■ THE TASK:
Look below for the line with "Получилось 12 кексов." and the line with "To download the". Copy exactly those two lines and every line between, but not the pictures.

[Stored items]
━━━━━━━━━━━━━━━━

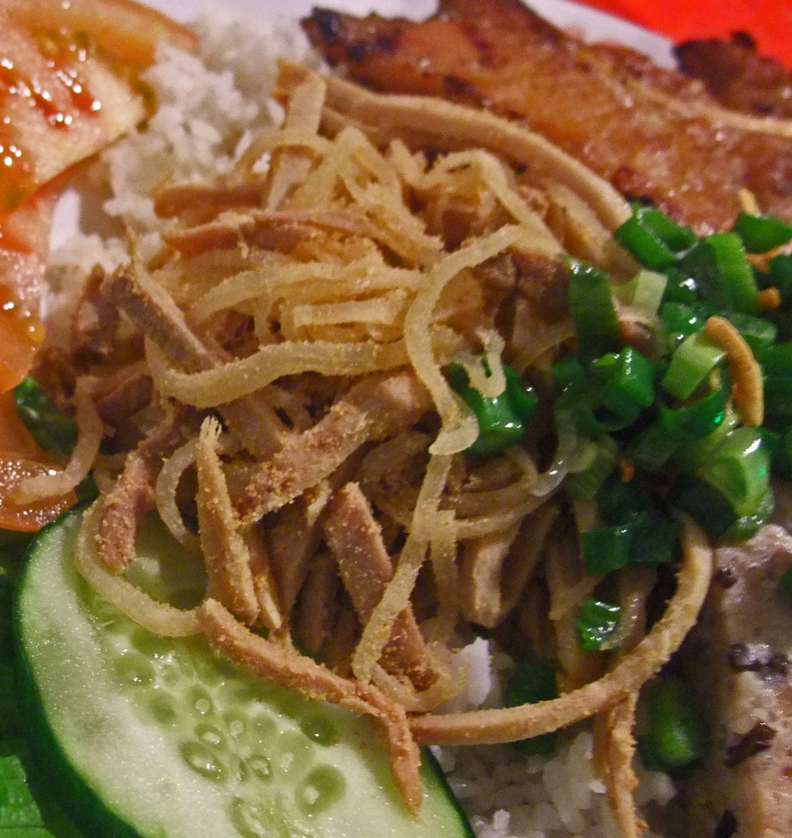 I had recently revisited Phuong Trang, and had the combination Com Tam. I was disappointed in the dish. The broken rice was very fragrant, but everything else, especially the Cha (steamed pork cake) which was dry, cracked, and flavorless. So on another visit I decided to try out the Com Tam Suon Bi Cha (Broken Rice with BBQ Pork Chop, Shredded Pork, and Steamed Egg and Pork):
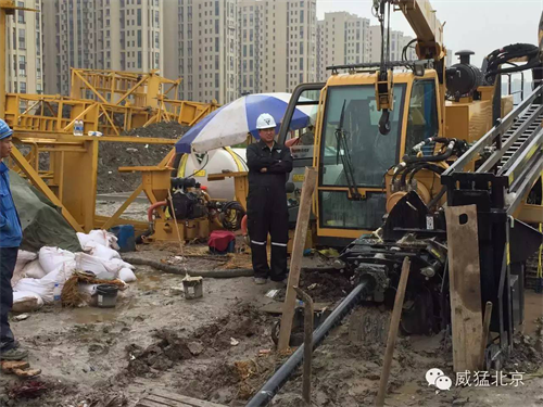 上海嘉定 300mm 的管徑,穿越495米,還要跨越20米深的河流,周?chē)蔫F路可能會(huì)對(duì)導(dǎo)向造成干擾。 一個(gè)月的工期,威猛機(jī)器僅用5天時(shí)間,順利完工! 工程的圓滿(mǎn)結(jié)束,離不開(kāi)客戶(hù)操作手的技術(shù), 也離不開(kāi)威猛服務(wù)總工的大力支持,威猛與客戶(hù)一起成長(zhǎng),走的更遠(yuǎn)!
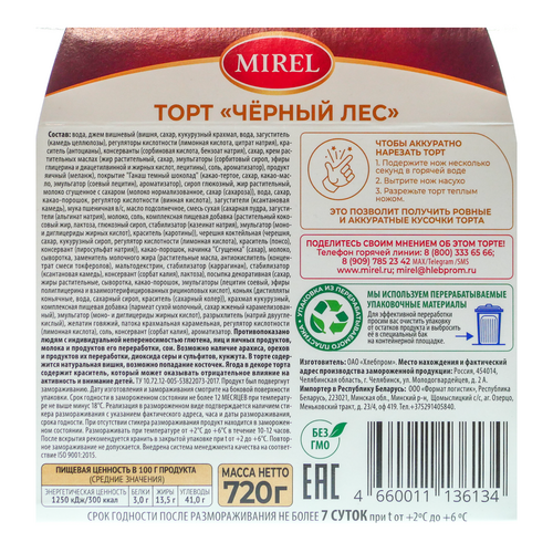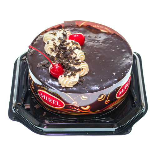 Торт Мирель «Чёрный лес» весом 720 г — это бисквитный десерт от производителя ОАО «Хлебпром». Он представляет собой шоколадный торт с кремом со вкусом сливок и вишней. Противопоказано людям с индивидуальной непереносимостью глютена, яиц и яичных продуктов молока и продуктов его переработки, сои. Возможно наличие арахиса, орехов и продуктов их переработки, диоксида серы и сульфитов, кунжута. В торте содержится натуральная вишня, возможно попадание косточек.
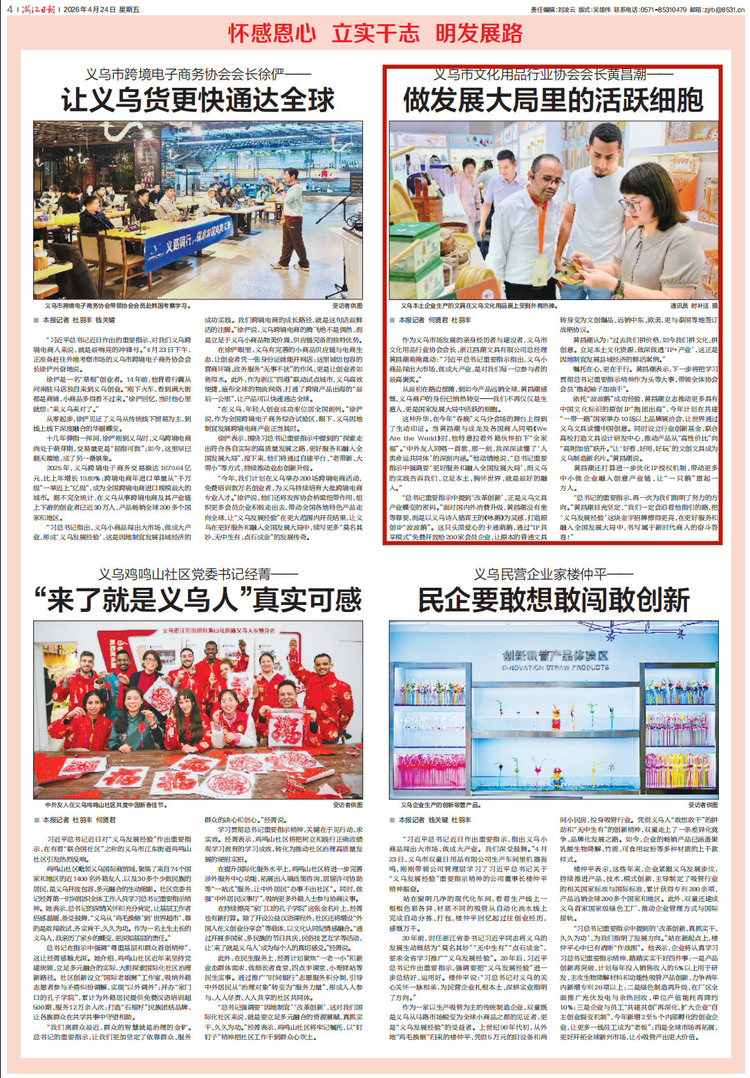 “总书记的重要指示,再一次为我们指明了努力的方向。”黄昌潮目光坚定,“我们一定会沿着他指引的路,把‘义乌发展经验’这块金字招牌擦得更亮,在更好服务和融入全国发展大局中,书写属于新时代商人的奋斗答卷!”
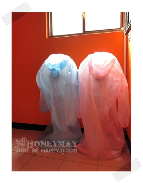 ▲接著要到頂樓看VIEW的時候~發現穿著雨衣的電風扇情侶檔~可愛斃了! 哈哈~
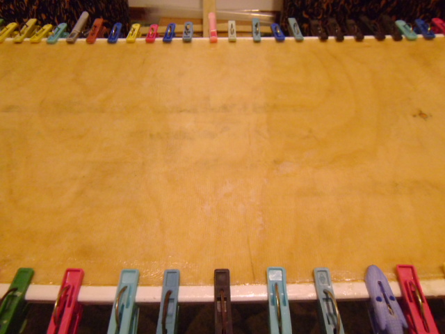 доска пока ооочень эластичная, поэтому досушиваться будет на всякий случай с грузом в центре , при поднятых корменосе(или носекорме)
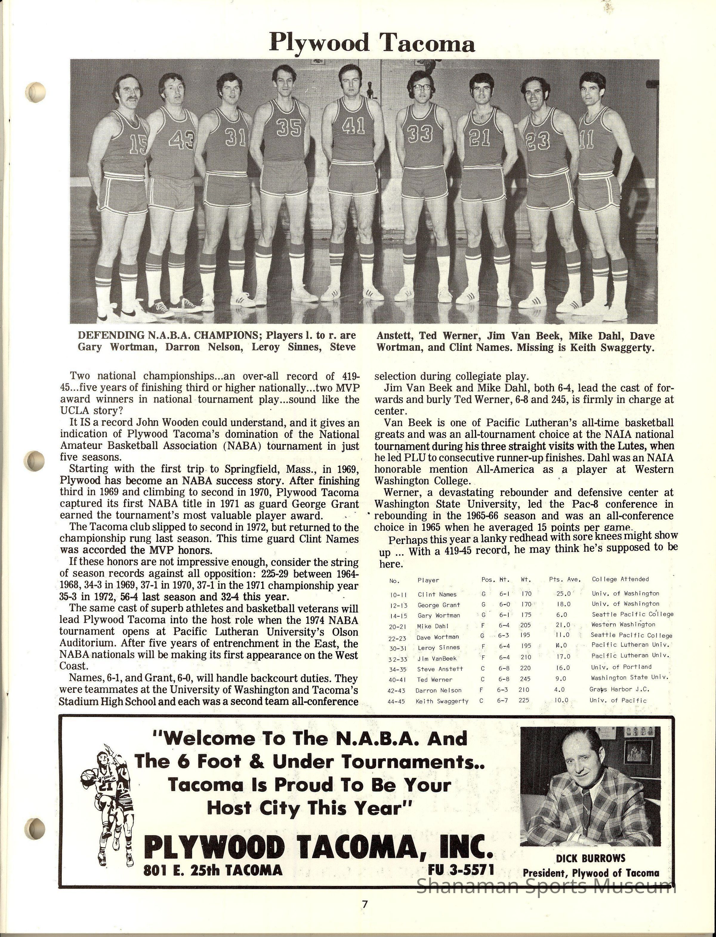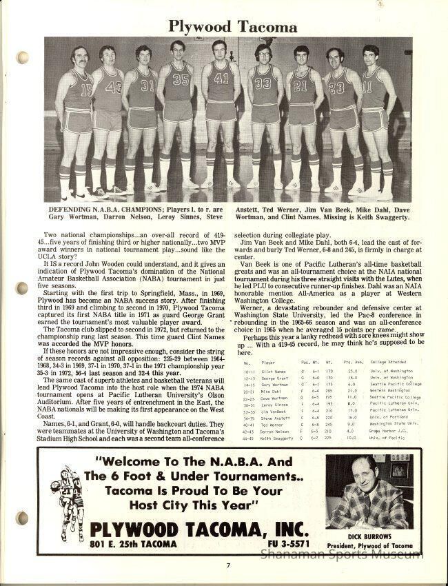 *INC* Souvenir program from NABA National Basketball Tournament held at PLU in 1974 where Plywood Tacoma participat
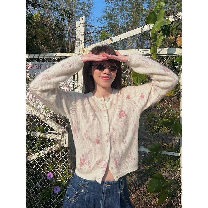 Even Vintage | 羊驼羊毛混纺 粉紫调晕染印花简约温柔风针织开衫
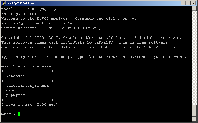 对于mysql数据库维护可以使用前面安装的 phpmyadmin 进行维护,或直接在 putty 中输入 mysql -p 进行管理如图所示:
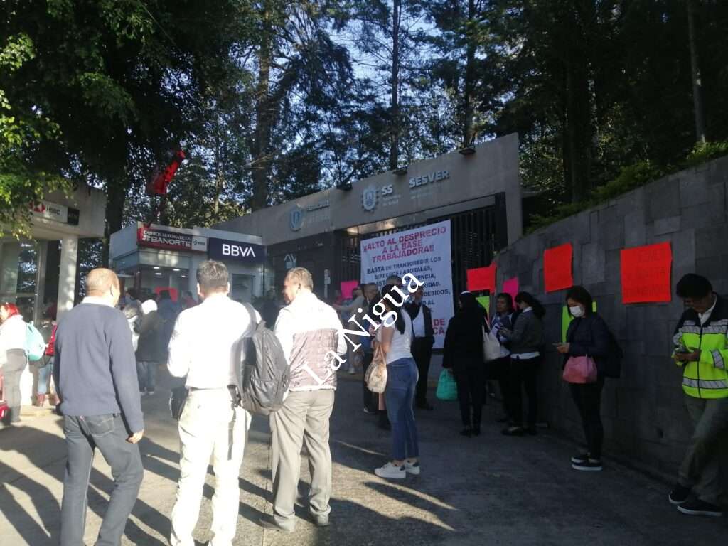Los manifestantes colocaron varias lonas grandes en las diferentes entradas y salidas principales de esta secretaría y por lo tanto cientos de trabajadores de esta secretaría de salud no pueden entrar a trabajar
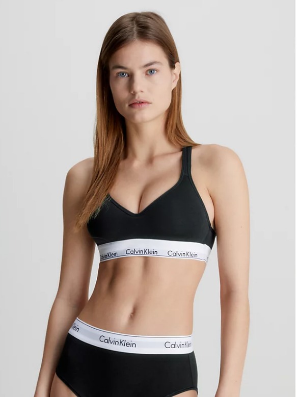 Sujetador bralette negro.Si buscas comodidad, tejidos transpirables y un look deportivo, elige nuestra icónica línea de ropa interior de ALGODÓN MODERNO. • mezcla de algodón modal • copas de forma suave • acolchado para un ligero efecto lifting • modelo cruzado en la parte trasera, sin cordones • banda elástica debajo del busto icónica de Calvin Klein Composición: 53% algodón 35% modal 12% elastanolavar a maquinano secar en secadoraajuste normal
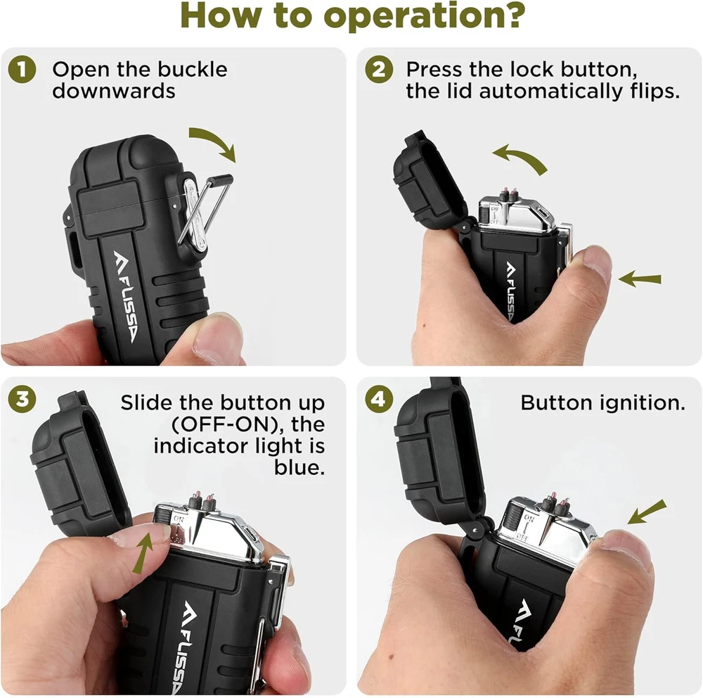IPX8 Fully Waterproof - The cool lighter is clad in comfortable rubber, the case snaps shut and features a metal-ring safety latch for water seep inside. Even though splashes and heavy rain, this tool will continue to work. Powerful & Reliable Arc lighter - Having a windproof lighter you can rely on will make starting fires easy and will save you a lot of time. The plasma electrodes of the lighter create a high-temperature dual arc, that ignites a fire in an instant, and ensures still be used in strong wind or other bad weather conditions. Economical & Eco-friendly - USB Rechargeable lighter with built-in 220mah lithium battery, which can plug into PC, car charger, or power bank, etc. (USB cable included) Flame-less lighter is very eco-friendly and easy to use. Security Upgrade - The side power button can prevent accidental triggering of the ignition button, and the metal locking clasp secures the lid to prevent it from falling open in your bag. This waterproof lighter can maintain a safe state for children and adults. 11 in 1 Multi-Function Spoon - This punk-style skull spoon is made of high-quality stainless steel, it is small, lightweight, exquisite, easy to carry around, and ideal for outdoor projects. Flissa rechargeable lighter & Multifunctional Spoon Combo is the best choice for emergency equipment, adventure, camping, hiking, hunting, survival tactical, traveling, etc. Product Description FLISSA WATERPROOF LIGHTER OUTDOOR WINDPROOF LIGHTER ELECTRIC LIGHTERS Ideal for Camping, Hiking, Hunter and more FLISSA USB Rechargeable Electric Lighters Perfect for outdoor lighter, camping fire starter tool, emergency equipment, camping survival gear, gadgets for men and more. The video showcases the product in use. The video guides you through product setup. The video compares multiple products. The video shows the product being unpacked. IPX8 WATERPROOF Fully submersible in water and perfect for the outdoor environment Clad in comfortable rubber, the case snaps shut and features a metal-ring safety latch for water seep inside. WIND RESISTANT Can start a fire in almost any weather conditions Having a windproof lighter you can rely on will make starting fires easy and will save you a lot of time. SECURITY UPGRADE A safe fire starter tool for outdoor acivities USB Rechargeable lighter with built-in 220mah lithium battery, which can plug into PC, car charger, or power bank, etc. SIMPLE STEPS TO USE FLISSA TRACTICAL SURVIVAL LIGHTER FEATURES Waterproof, Dustproof & Wind Resistant fully submersible in water and perfect for the outdoor environment. Completely dust proof and windproof. This punk style skull spoon is made of high quality stainless steel, it is small, lightweight, and exquisite, ideal for outdoor projects. The metal locking clasp secures the lid to prevent it from falling open in your bag. This lighter can maintain a safe state for children and adults. Compact Size. The Waterproof lighter is about 2” tall and 1.44” wide. Weight is 1.73oz. Easy to pack and carry anywhere. WIDE APPLICATION
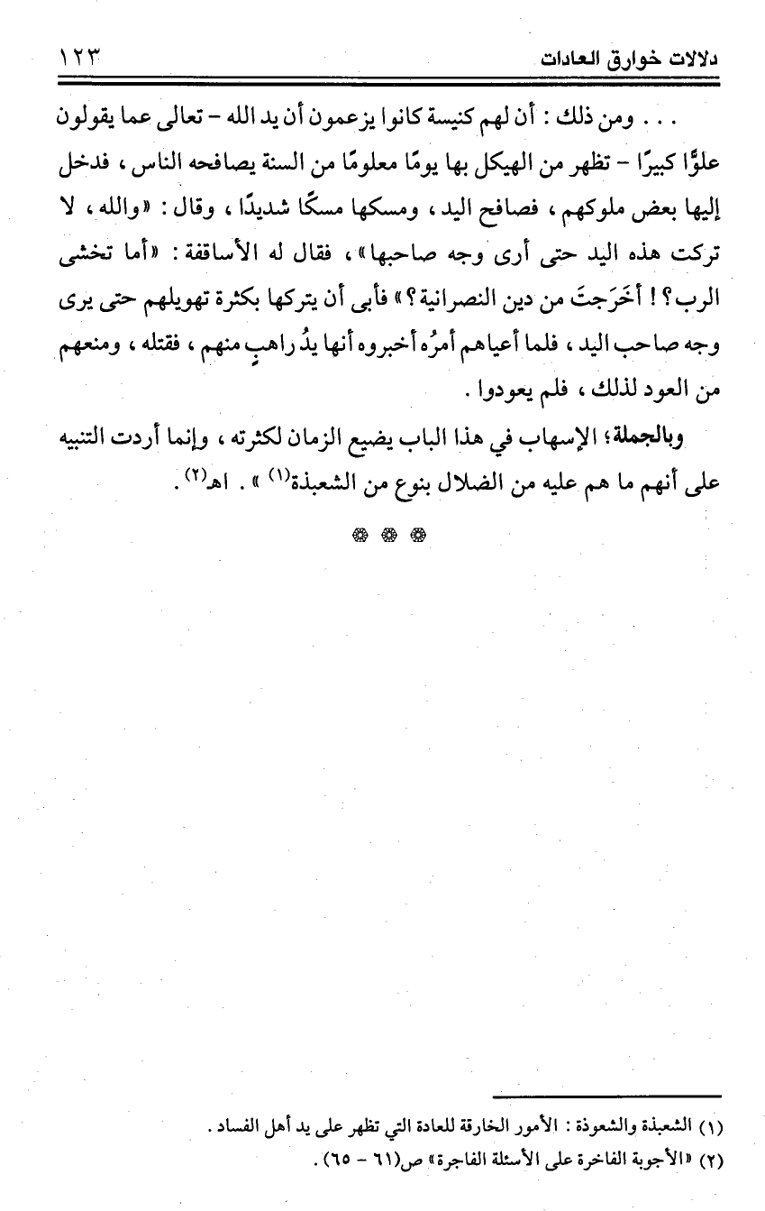 وبالجملة؛ الإسهاب في هذا الباب يضيع الزمان لكثرته، وإنما أردت التنبيه على أنهم ما هم عليه من الضلال بنوع من الشعبذة (¬1) ". اهـ (¬2).
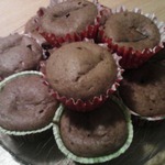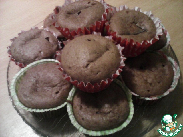 Получилось 12 кексов. Я пеку их и с молочным шоколадом, получается еще нежнее.
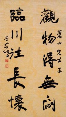 盡管李方玉幾十年來收藏這些名家書畫花了很大工夫,但捐獻給家鄉,一能使這些作品讓更多的人欣賞學習,使其在弘揚中華文化中發揮一定的作用;二是報答故土的養育之恩,算是為家鄉人民獻上的一份愛心。這使我想起了孔夫子的“志于道,據于德,依于仁、游于藝”的名言,感悟到了李方玉先生立志高遠、關愛社會的人生境界。(附圖為李方玉捐獻的于右任對聯)
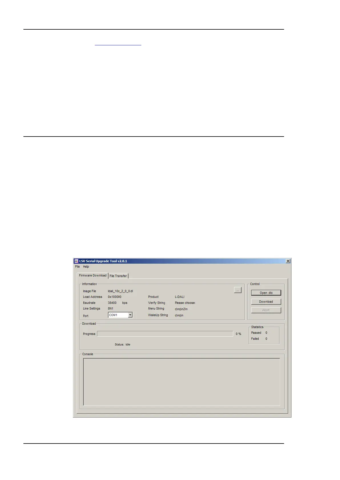 To download the firmware via the console interface, the L-DALI must be connected to the
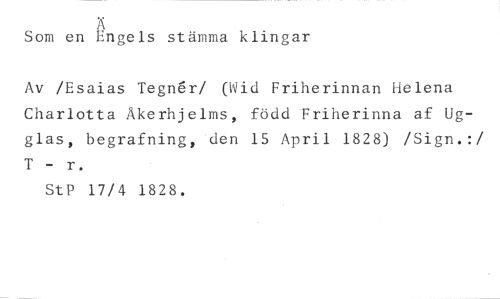 Ä //// Som en Engels stämma klingar //// Av /Esaias Tegn6r/ (Wid Friherinnan Helena Charlotta Åkerhjelms, född Friherinna af Ugglas, begrafning, den 15 April 1828) /Sign.:/ T - r. //// StP 17/4 1828.
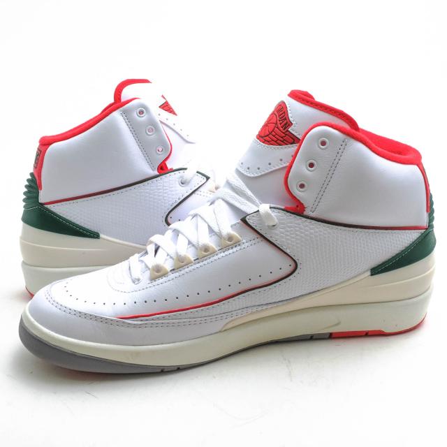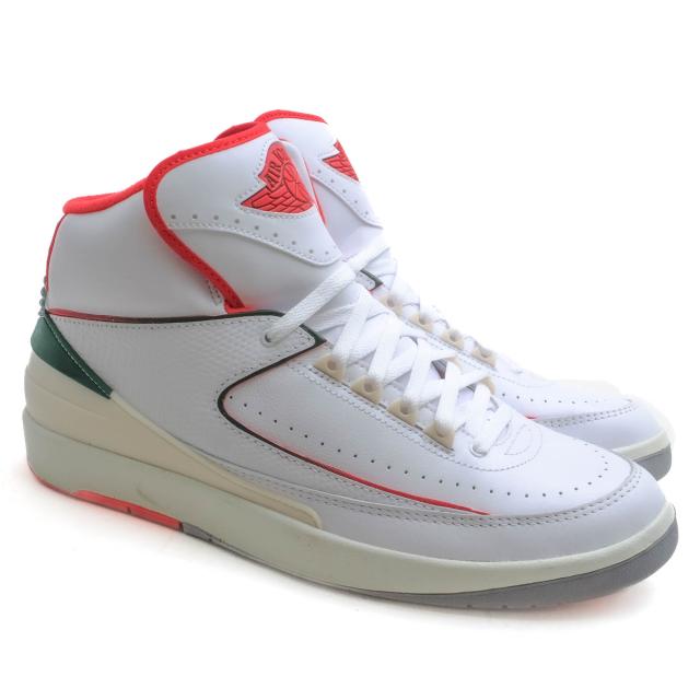 1986年に名匠たちが手掛け、スウッシュロゴを排したエアジョーダン2の登場は、シューズ界に革命をもたらしました。AJ2は、アイコン的存在であるAJ1の後を継ぎ、イタリア人デザイナーによってデザインされ、時代を超えるスタイルを築きました。イタリアの国旗を思わせる赤、緑、白のカラーブロッキングが特徴です。シュータン、ヒール、ライニングには「ファイヤーレッド」がアクセントとして加えられ、オーバーレイのエッジにはグリーンフェイクリザードスキンを採用しています。足裏にはNike Airユニットが搭載されており、上質な履き心地を提供します。また、タンにはウイングロゴ、ヒールにはNIKEロゴが施されており、ハイカットデザインで足元をスタイリッシュに演出します。

━━━━━━━━━━━━━━━━

■ ANSWER BELOW:
 Получилось 12 кексов. Я пеку их и с молочным шоколадом, получается еще нежнее.
 盡管李方玉幾十年來收藏這些名家書畫花了很大工夫,但捐獻給家鄉,一能使這些作品讓更多的人欣賞學習,使其在弘揚中華文化中發揮一定的作用;二是報答故土的養育之恩,算是為家鄉人民獻上的一份愛心。這使我想起了孔夫子的“志于道,據于德,依于仁、游于藝”的名言,感悟到了李方玉先生立志高遠、關愛社會的人生境界。(附圖為李方玉捐獻的于右任對聯)
 To download the firmware via the console interface, the L-DALI must be connected to the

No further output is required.